And I am sure that you, Dr Seward, humanitarian and medico-jurist as well
as scientist, will deem it a moral duty to deal with me as one to be considered as under exceptional circumstances’ (D, pp. 215–16). Seward is
tempted to comply: ‘For my own part, I was under the conviction,
despite my knowledge of the man’s character and history, that his reason
had been restored; and I felt under a strong impulse to tell him that I
was satisfied as to his sanity, and would see about the necessary formalities
for his release in the morning’ (D, p. 216). The temptation passes, though,
and Renfield must now try a different strategy. The moral ace up his straitjacket’s sleeve is an appeal whose persuasive force the Crew cannot easily
disregard:
Then I suppose I must only shift my ground of request.
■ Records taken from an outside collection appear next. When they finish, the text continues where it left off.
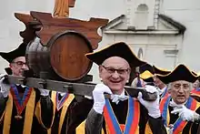 - Fête de la Saint-Vincent : Pour la Saint Vincent, patron des vignerons, le chapitre se déroule au mois de janvier, dans une commune angevine différente chaque année. La Saint Vincent débute par une cérémonie religieuse ayant pour but d' obtenir l'intercession du saint patron de la Confrérie pour les vignerons et pour la prochaine vendange[19].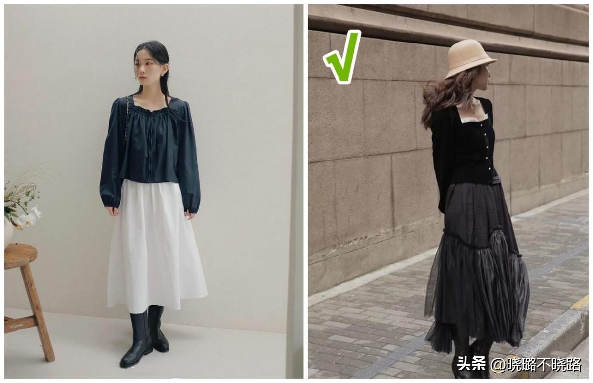 有时候完善细节也需要从整体出发,这个整体就是衣服的搭配度,这两套都试试同样的挤奶衫+A字裙+靴子的搭配,但是右边这套显高显瘦的果就会更好一点,为什么呢?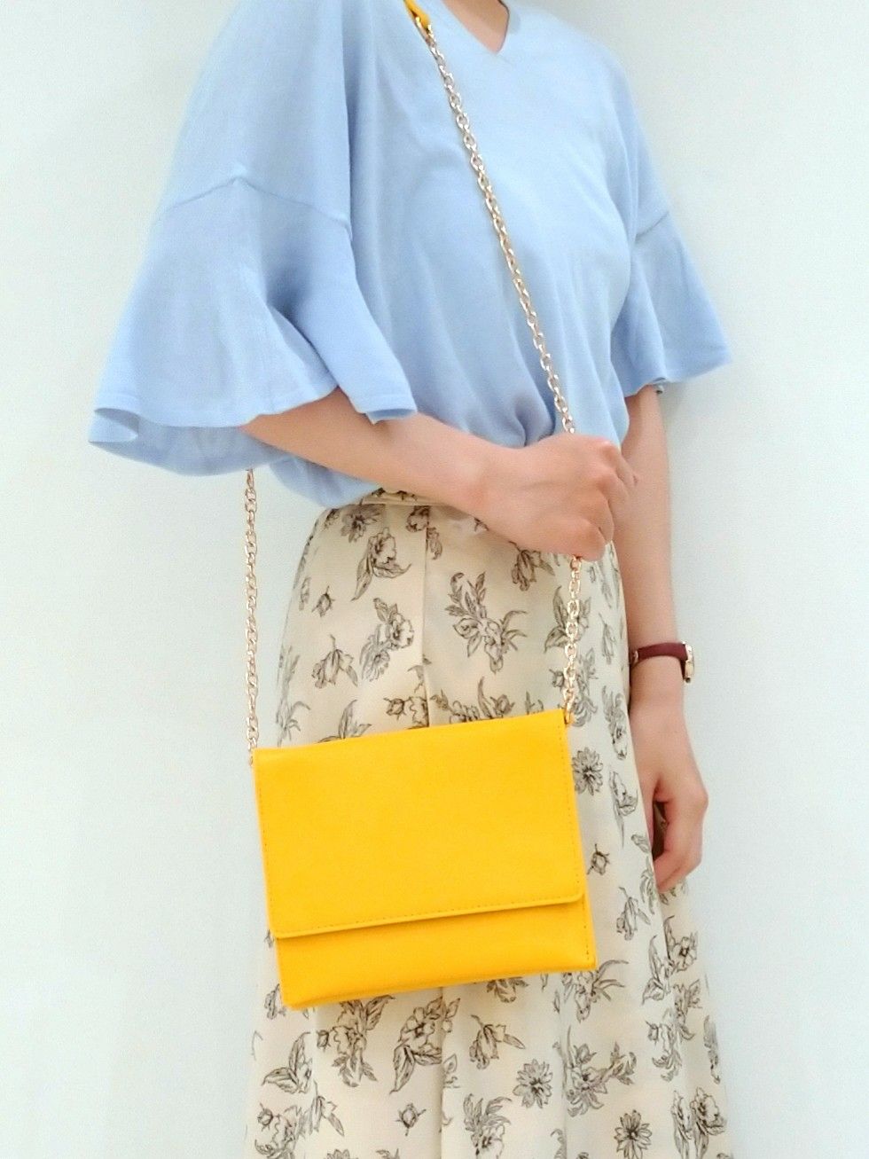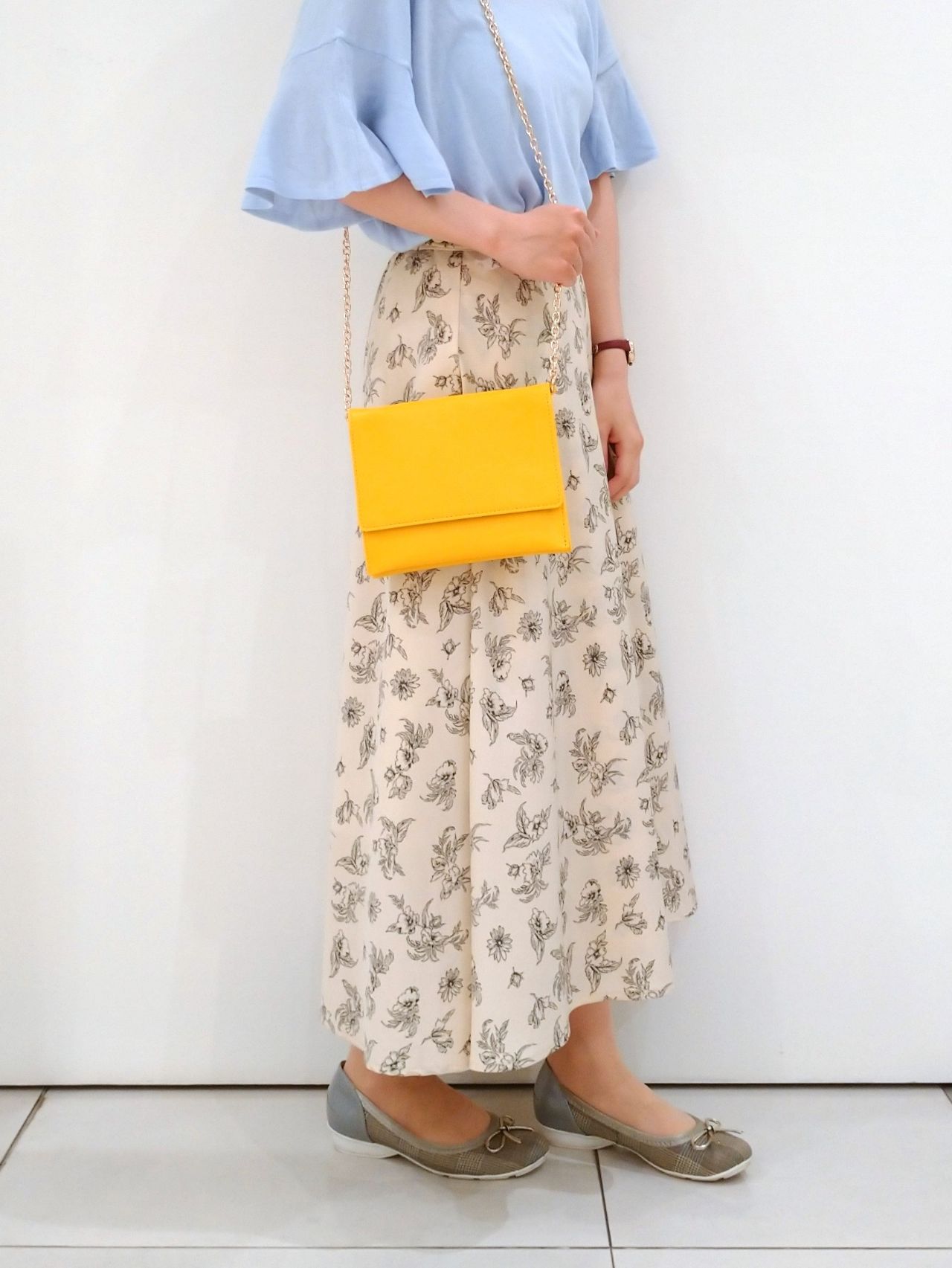 今年トレンドのパステルなブルーとベージュにイエローを合わせて。

Let me ask
for this concession – boon, privilege, what you will. I am content to
implore in such a case, not on personal grounds, but for the sake of
others. I am not at liberty to give you the whole of my reasons; but
you may, I assure you, take it from me that they are good ones,
sound and unselfish, and springing from the highest sense of duty.
Could you look, sir, into my heart, you would approve to the full
the sentiments which animate me. Nay, more, you would count
me amongst the best and truest of your friends. (D, p. 216, my
italics).
To wish to do something ‘for the sake of others’, to be urged to action by
an ‘unselfish’ instinct or drive that ‘spring[s] from the highest sense of duty’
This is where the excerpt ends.